- SOURCE DATA

--------------------------------------------------

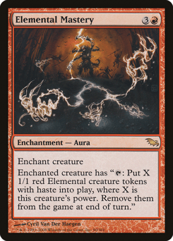 Enchant creature Enchanted creature has "{T}: Create X 1/1 red Elemental creature tokens with haste, where X is this creature's power. Exile them at the beginning of the next end step."
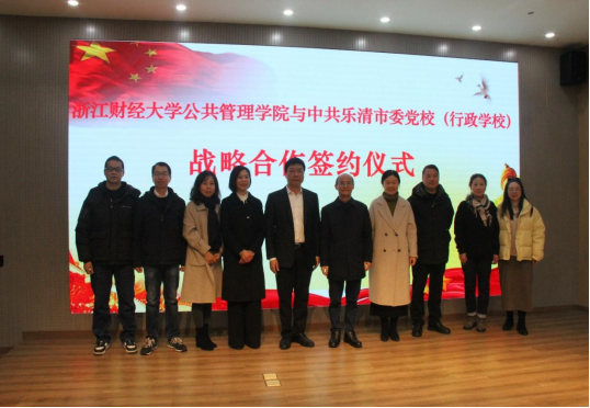 与乐清市委党校(乐清市行政学校)战略合作签约仪式暨浙江财经大学地方政府与城乡治理研究院乐清民营经济研究中心授牌仪式、浙江财经大学博士驻乐清市委党校工作站启动仪式在乐清举行。中共乐清市委常委、组织部部长、党校(行政学校)校长郑翔,院长郭剑鸣,院党委书记林亚芳等出席仪式。
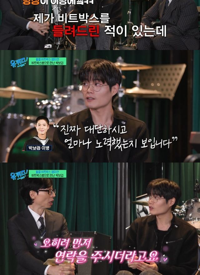 (엑스포츠뉴스 김보민 기자) 비트박서 윙이 박보검과 해군홍보대 시절 에피소드를 공개했다.

--------------------------------------------------

- EXERCISE REQUIREMENTS
Word for word, retype the lines from the one that contains "与乐清市委党校(乐清市行政学" through the final line of the data, both ends included, excluding pictures.

- ANSWER SPACE
 与乐清市委党校(乐清市行政学校)战略合作签约仪式暨浙江财经大学地方政府与城乡治理研究院乐清民营经济研究中心授牌仪式、浙江财经大学博士驻乐清市委党校工作站启动仪式在乐清举行。中共乐清市委常委、组织部部长、党校(行政学校)校长郑翔,院长郭剑鸣,院党委书记林亚芳等出席仪式。
 (엑스포츠뉴스 김보민 기자) 비트박서 윙이 박보검과 해군홍보대 시절 에피소드를 공개했다.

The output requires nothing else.